> **The problem**
Each line below must be written out exactly as shown.

> **Supplied records**
------------

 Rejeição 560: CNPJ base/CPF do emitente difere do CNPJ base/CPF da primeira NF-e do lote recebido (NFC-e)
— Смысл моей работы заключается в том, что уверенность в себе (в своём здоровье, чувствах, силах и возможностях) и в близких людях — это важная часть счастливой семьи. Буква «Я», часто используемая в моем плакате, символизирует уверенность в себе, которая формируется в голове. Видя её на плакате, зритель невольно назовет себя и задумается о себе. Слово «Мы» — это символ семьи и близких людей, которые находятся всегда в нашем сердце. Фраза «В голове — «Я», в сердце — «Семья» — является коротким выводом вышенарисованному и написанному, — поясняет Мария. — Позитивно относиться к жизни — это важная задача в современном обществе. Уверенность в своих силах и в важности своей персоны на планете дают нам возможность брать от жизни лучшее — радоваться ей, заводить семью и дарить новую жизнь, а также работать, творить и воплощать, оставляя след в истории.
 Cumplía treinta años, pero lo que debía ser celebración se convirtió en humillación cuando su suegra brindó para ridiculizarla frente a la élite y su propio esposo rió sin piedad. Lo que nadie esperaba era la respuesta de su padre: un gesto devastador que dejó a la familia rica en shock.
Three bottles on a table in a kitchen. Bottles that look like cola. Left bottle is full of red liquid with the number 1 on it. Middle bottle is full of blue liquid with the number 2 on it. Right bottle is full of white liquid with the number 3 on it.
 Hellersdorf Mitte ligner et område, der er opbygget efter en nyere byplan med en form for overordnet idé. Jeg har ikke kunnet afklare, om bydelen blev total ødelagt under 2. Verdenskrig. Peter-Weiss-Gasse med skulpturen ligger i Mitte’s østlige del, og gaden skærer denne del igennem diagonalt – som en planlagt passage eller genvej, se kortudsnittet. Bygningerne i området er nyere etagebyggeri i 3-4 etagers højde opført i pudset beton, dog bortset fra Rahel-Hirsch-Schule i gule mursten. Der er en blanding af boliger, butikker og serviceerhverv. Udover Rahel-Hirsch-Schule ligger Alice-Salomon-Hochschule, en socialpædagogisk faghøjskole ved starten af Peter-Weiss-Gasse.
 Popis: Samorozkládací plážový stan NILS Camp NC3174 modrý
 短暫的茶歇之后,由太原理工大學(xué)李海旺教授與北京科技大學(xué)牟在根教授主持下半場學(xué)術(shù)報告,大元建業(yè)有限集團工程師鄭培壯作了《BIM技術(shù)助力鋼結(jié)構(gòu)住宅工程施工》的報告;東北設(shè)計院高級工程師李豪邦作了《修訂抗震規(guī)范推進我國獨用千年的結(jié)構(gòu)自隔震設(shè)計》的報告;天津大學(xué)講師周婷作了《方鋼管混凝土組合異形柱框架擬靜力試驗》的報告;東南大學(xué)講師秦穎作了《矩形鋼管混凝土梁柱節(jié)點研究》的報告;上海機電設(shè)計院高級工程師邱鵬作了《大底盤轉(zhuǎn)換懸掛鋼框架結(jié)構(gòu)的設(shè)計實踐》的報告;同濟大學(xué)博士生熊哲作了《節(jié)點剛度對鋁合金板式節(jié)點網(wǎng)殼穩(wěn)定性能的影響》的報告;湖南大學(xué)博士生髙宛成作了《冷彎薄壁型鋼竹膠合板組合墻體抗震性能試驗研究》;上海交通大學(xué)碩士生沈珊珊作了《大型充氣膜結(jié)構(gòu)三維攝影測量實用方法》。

------------

> **Answer for the task**
 Rejeição 560: CNPJ base/CPF do emitente difere do CNPJ base/CPF da primeira NF-e do lote recebido (NFC-e)
— Смысл моей работы заключается в том, что уверенность в себе (в своём здоровье, чувствах, силах и возможностях) и в близких людях — это важная часть счастливой семьи. Буква «Я», часто используемая в моем плакате, символизирует уверенность в себе, которая формируется в голове. Видя её на плакате, зритель невольно назовет себя и задумается о себе. Слово «Мы» — это символ семьи и близких людей, которые находятся всегда в нашем сердце. Фраза «В голове — «Я», в сердце — «Семья» — является коротким выводом вышенарисованному и написанному, — поясняет Мария. — Позитивно относиться к жизни — это важная задача в современном обществе. Уверенность в своих силах и в важности своей персоны на планете дают нам возможность брать от жизни лучшее — радоваться ей, заводить семью и дарить новую жизнь, а также работать, творить и воплощать, оставляя след в истории.
 Cumplía treinta años, pero lo que debía ser celebración se convirtió en humillación cuando su suegra brindó para ridiculizarla frente a la élite y su propio esposo rió sin piedad. Lo que nadie esperaba era la respuesta de su padre: un gesto devastador que dejó a la familia rica en shock.
Three bottles on a table in a kitchen. Bottles that look like cola. Left bottle is full of red liquid with the number 1 on it. Middle bottle is full of blue liquid with the number 2 on it. Right bottle is full of white liquid with the number 3 on it.
 Hellersdorf Mitte ligner et område, der er opbygget efter en nyere byplan med en form for overordnet idé. Jeg har ikke kunnet afklare, om bydelen blev total ødelagt under 2. Verdenskrig. Peter-Weiss-Gasse med skulpturen ligger i Mitte’s østlige del, og gaden skærer denne del igennem diagonalt – som en planlagt passage eller genvej, se kortudsnittet. Bygningerne i området er nyere etagebyggeri i 3-4 etagers højde opført i pudset beton, dog bortset fra Rahel-Hirsch-Schule i gule mursten. Der er en blanding af boliger, butikker og serviceerhverv. Udover Rahel-Hirsch-Schule ligger Alice-Salomon-Hochschule, en socialpædagogisk faghøjskole ved starten af Peter-Weiss-Gasse.
 Popis: Samorozkládací plážový stan NILS Camp NC3174 modrý
 短暫的茶歇之后,由太原理工大學(xué)李海旺教授與北京科技大學(xué)牟在根教授主持下半場學(xué)術(shù)報告,大元建業(yè)有限集團工程師鄭培壯作了《BIM技術(shù)助力鋼結(jié)構(gòu)住宅工程施工》的報告;東北設(shè)計院高級工程師李豪邦作了《修訂抗震規(guī)范推進我國獨用千年的結(jié)構(gòu)自隔震設(shè)計》的報告;天津大學(xué)講師周婷作了《方鋼管混凝土組合異形柱框架擬靜力試驗》的報告;東南大學(xué)講師秦穎作了《矩形鋼管混凝土梁柱節(jié)點研究》的報告;上海機電設(shè)計院高級工程師邱鵬作了《大底盤轉(zhuǎn)換懸掛鋼框架結(jié)構(gòu)的設(shè)計實踐》的報告;同濟大學(xué)博士生熊哲作了《節(jié)點剛度對鋁合金板式節(jié)點網(wǎng)殼穩(wěn)定性能的影響》的報告;湖南大學(xué)博士生髙宛成作了《冷彎薄壁型鋼竹膠合板組合墻體抗震性能試驗研究》;上海交通大學(xué)碩士生沈珊珊作了《大型充氣膜結(jié)構(gòu)三維攝影測量實用方法》。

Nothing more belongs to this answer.